(PROMPT):
Copy each line below word for word and drop every image.

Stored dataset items
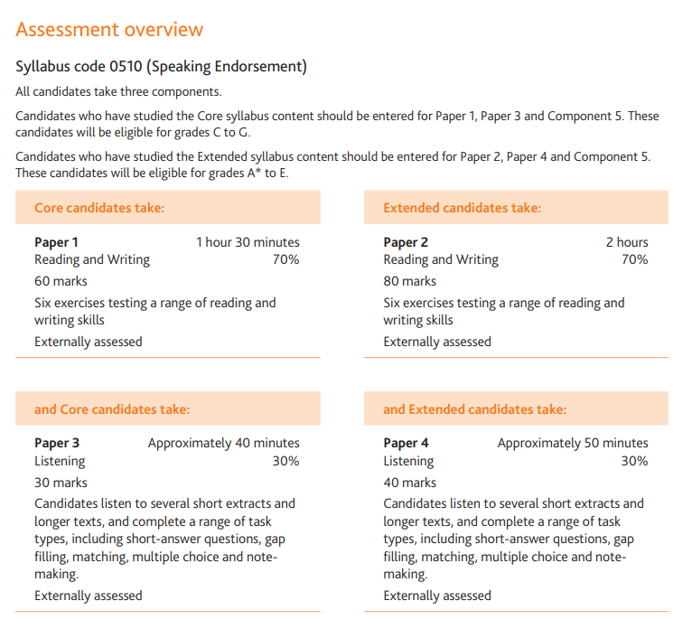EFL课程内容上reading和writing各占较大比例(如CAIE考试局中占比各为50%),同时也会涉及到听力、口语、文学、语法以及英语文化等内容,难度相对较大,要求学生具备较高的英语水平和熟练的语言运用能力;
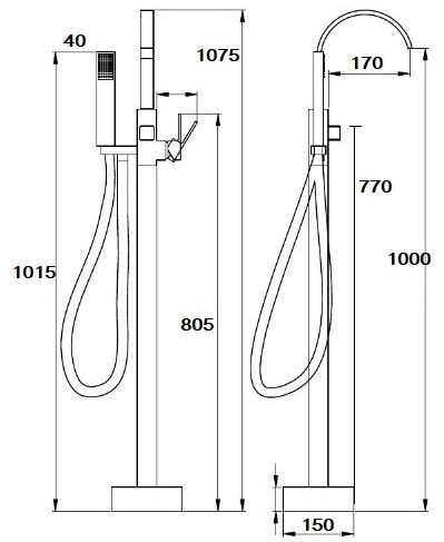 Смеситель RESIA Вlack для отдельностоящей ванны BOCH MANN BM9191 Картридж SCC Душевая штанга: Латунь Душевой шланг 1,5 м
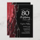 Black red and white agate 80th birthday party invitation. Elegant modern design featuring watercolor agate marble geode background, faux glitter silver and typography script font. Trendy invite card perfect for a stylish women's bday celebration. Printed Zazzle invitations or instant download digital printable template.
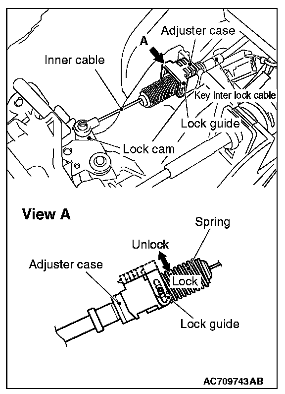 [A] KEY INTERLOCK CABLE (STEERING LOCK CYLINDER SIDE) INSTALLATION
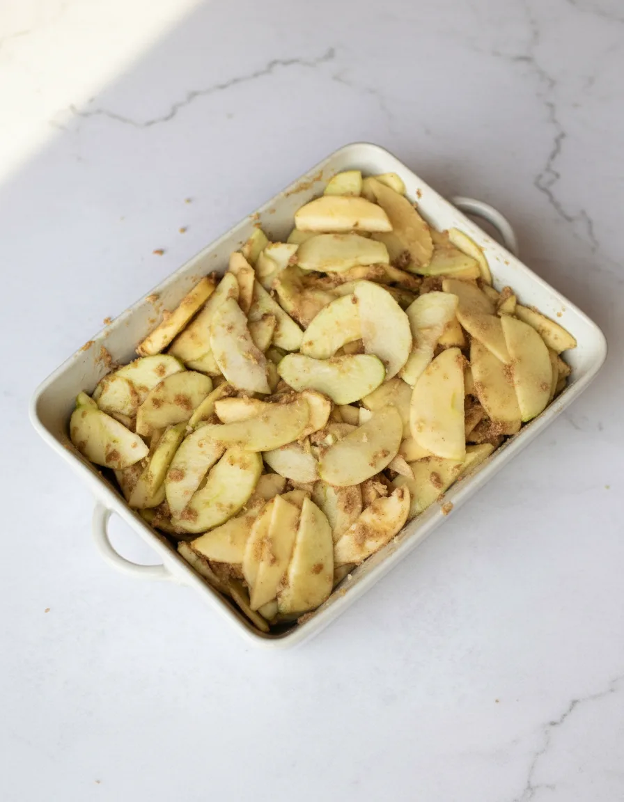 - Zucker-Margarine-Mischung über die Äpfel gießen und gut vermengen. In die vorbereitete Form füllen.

(TASK ANSWER):
EFL课程内容上reading和writing各占较大比例(如CAIE考试局中占比各为50%),同时也会涉及到听力、口语、文学、语法以及英语文化等内容,难度相对较大,要求学生具备较高的英语水平和熟练的语言运用能力;
 Смеситель RESIA Вlack для отдельностоящей ванны BOCH MANN BM9191 Картридж SCC Душевая штанга: Латунь Душевой шланг 1,5 м
 Black red and white agate 80th birthday party invitation. Elegant modern design featuring watercolor agate marble geode background, faux glitter silver and typography script font. Trendy invite card perfect for a stylish women's bday celebration. Printed Zazzle invitations or instant download digital printable template.
 [A] KEY INTERLOCK CABLE (STEERING LOCK CYLINDER SIDE) INSTALLATION
 - Zucker-Margarine-Mischung über die Äpfel gießen und gut vermengen. In die vorbereitete Form füllen.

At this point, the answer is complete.